=== Section Start ===
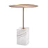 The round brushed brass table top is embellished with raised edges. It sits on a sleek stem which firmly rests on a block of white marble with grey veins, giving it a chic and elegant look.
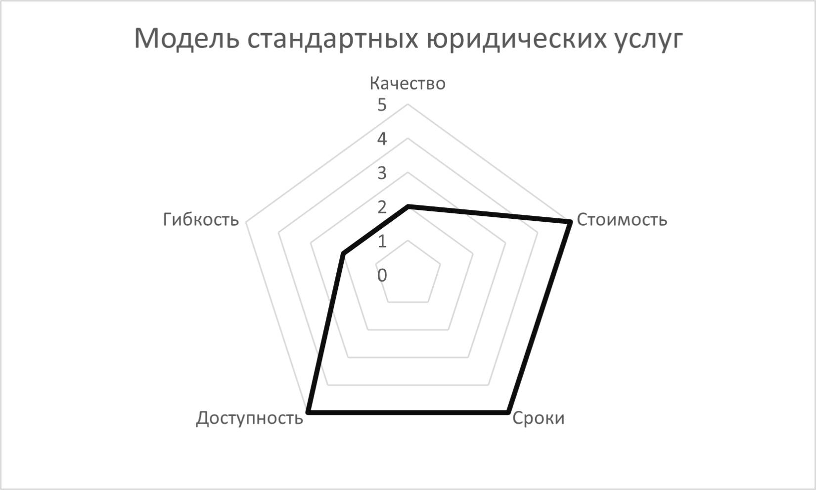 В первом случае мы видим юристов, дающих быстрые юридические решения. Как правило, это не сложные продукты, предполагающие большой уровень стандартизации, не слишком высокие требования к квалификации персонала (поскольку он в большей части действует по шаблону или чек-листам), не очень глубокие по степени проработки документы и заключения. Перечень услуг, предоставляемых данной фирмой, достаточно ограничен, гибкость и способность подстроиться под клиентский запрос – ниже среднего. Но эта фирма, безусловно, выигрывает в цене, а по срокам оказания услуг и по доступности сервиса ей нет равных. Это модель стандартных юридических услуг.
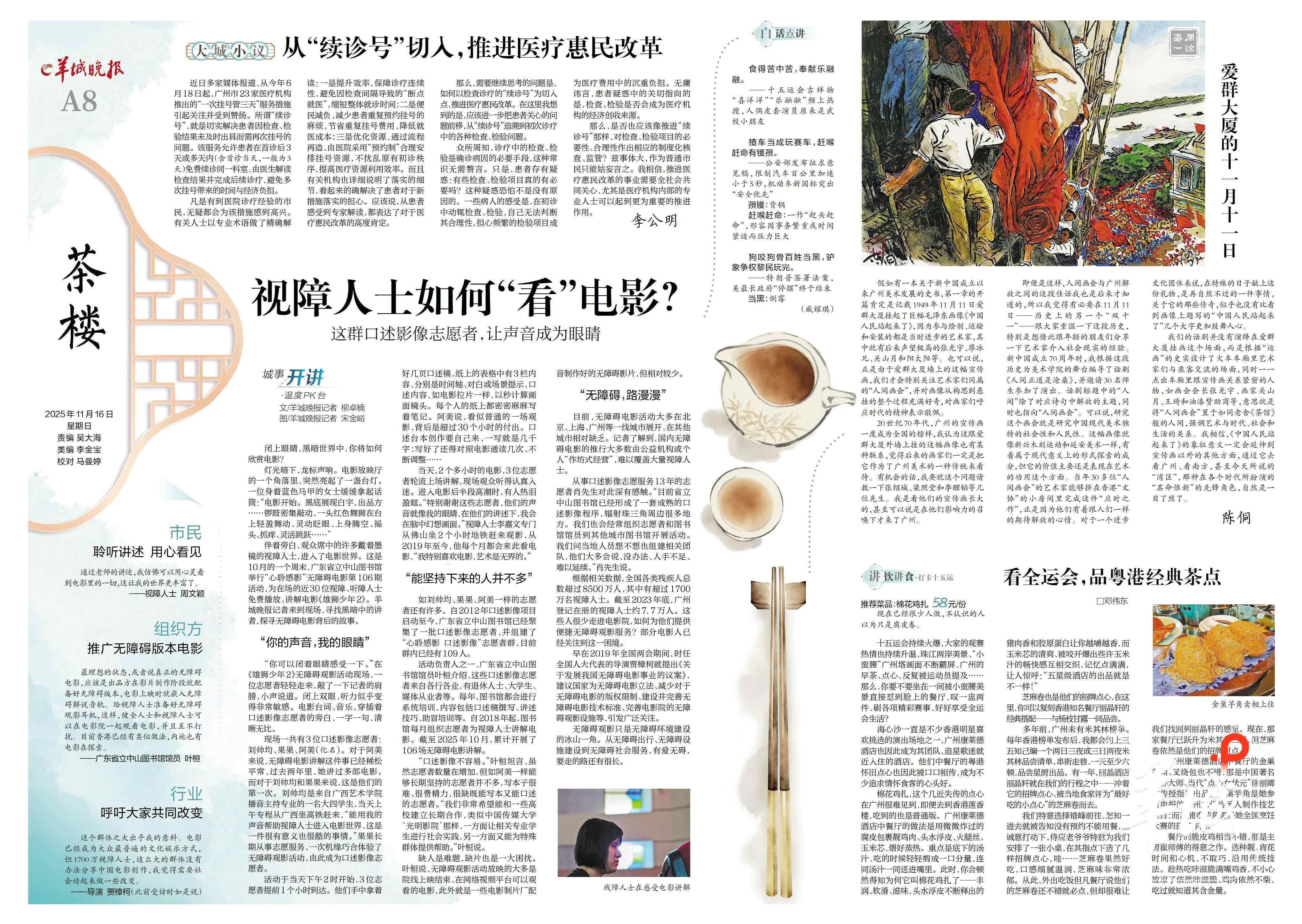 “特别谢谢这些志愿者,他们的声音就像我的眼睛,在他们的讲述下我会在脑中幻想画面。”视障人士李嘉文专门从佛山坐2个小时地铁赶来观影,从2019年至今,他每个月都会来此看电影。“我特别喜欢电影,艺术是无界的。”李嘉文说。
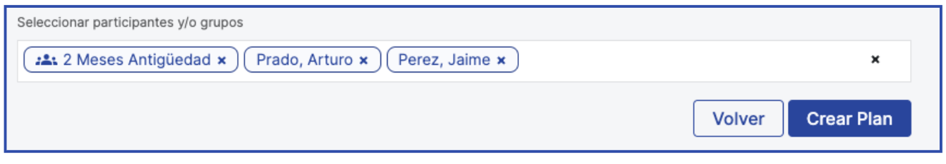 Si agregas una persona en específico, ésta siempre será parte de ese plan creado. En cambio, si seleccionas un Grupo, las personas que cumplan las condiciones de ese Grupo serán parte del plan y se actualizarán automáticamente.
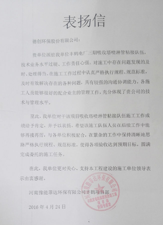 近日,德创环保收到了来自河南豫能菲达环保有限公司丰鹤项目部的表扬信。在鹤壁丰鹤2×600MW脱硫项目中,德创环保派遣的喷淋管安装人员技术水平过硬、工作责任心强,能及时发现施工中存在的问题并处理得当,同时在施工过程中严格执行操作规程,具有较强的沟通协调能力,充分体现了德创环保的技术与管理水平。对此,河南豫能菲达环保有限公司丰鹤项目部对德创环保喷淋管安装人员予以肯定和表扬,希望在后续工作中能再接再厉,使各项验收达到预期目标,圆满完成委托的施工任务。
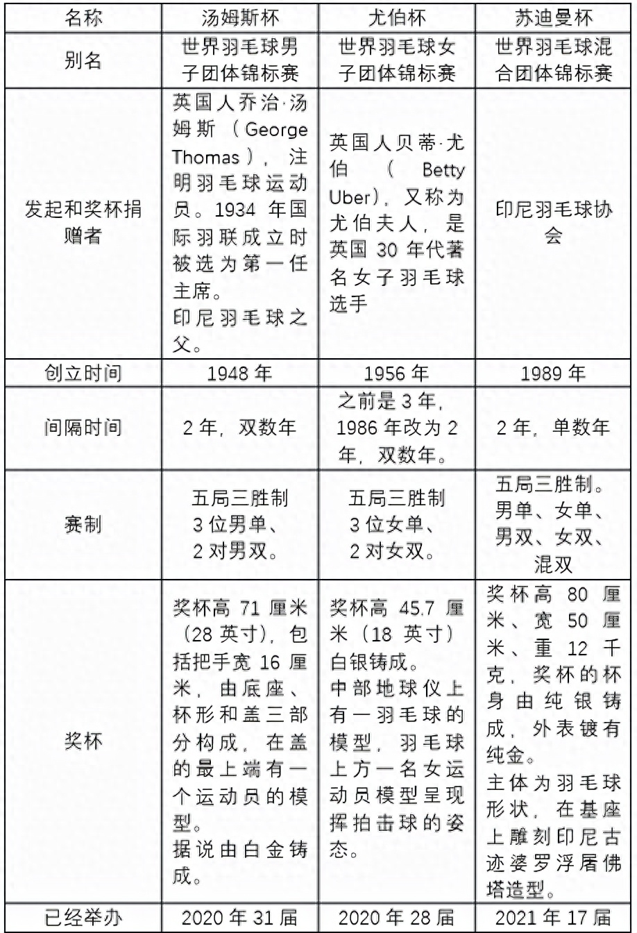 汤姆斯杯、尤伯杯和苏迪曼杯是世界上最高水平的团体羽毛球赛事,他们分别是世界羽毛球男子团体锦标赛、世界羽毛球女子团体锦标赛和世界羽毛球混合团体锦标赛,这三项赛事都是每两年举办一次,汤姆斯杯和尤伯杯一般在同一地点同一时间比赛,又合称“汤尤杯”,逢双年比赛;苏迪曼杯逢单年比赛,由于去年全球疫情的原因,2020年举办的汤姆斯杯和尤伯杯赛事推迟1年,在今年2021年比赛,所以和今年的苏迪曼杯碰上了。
=== Section End ===
*YOUR OBJECTIVE*: Each line above is to be copied exactly, and the pictures are to be dropped.

*TASK SOLUTION*:
 The round brushed brass table top is embellished with raised edges. It sits on a sleek stem which firmly rests on a block of white marble with grey veins, giving it a chic and elegant look.
 В первом случае мы видим юристов, дающих быстрые юридические решения. Как правило, это не сложные продукты, предполагающие большой уровень стандартизации, не слишком высокие требования к квалификации персонала (поскольку он в большей части действует по шаблону или чек-листам), не очень глубокие по степени проработки документы и заключения. Перечень услуг, предоставляемых данной фирмой, достаточно ограничен, гибкость и способность подстроиться под клиентский запрос – ниже среднего. Но эта фирма, безусловно, выигрывает в цене, а по срокам оказания услуг и по доступности сервиса ей нет равных. Это модель стандартных юридических услуг.
 “特别谢谢这些志愿者,他们的声音就像我的眼睛,在他们的讲述下我会在脑中幻想画面。”视障人士李嘉文专门从佛山坐2个小时地铁赶来观影,从2019年至今,他每个月都会来此看电影。“我特别喜欢电影,艺术是无界的。”李嘉文说。
 Si agregas una persona en específico, ésta siempre será parte de ese plan creado. En cambio, si seleccionas un Grupo, las personas que cumplan las condiciones de ese Grupo serán parte del plan y se actualizarán automáticamente.
 近日,德创环保收到了来自河南豫能菲达环保有限公司丰鹤项目部的表扬信。在鹤壁丰鹤2×600MW脱硫项目中,德创环保派遣的喷淋管安装人员技术水平过硬、工作责任心强,能及时发现施工中存在的问题并处理得当,同时在施工过程中严格执行操作规程,具有较强的沟通协调能力,充分体现了德创环保的技术与管理水平。对此,河南豫能菲达环保有限公司丰鹤项目部对德创环保喷淋管安装人员予以肯定和表扬,希望在后续工作中能再接再厉,使各项验收达到预期目标,圆满完成委托的施工任务。
 汤姆斯杯、尤伯杯和苏迪曼杯是世界上最高水平的团体羽毛球赛事,他们分别是世界羽毛球男子团体锦标赛、世界羽毛球女子团体锦标赛和世界羽毛球混合团体锦标赛,这三项赛事都是每两年举办一次,汤姆斯杯和尤伯杯一般在同一地点同一时间比赛,又合称“汤尤杯”,逢双年比赛;苏迪曼杯逢单年比赛,由于去年全球疫情的原因,2020年举办的汤姆斯杯和尤伯杯赛事推迟1年,在今年2021年比赛,所以和今年的苏迪曼杯碰上了。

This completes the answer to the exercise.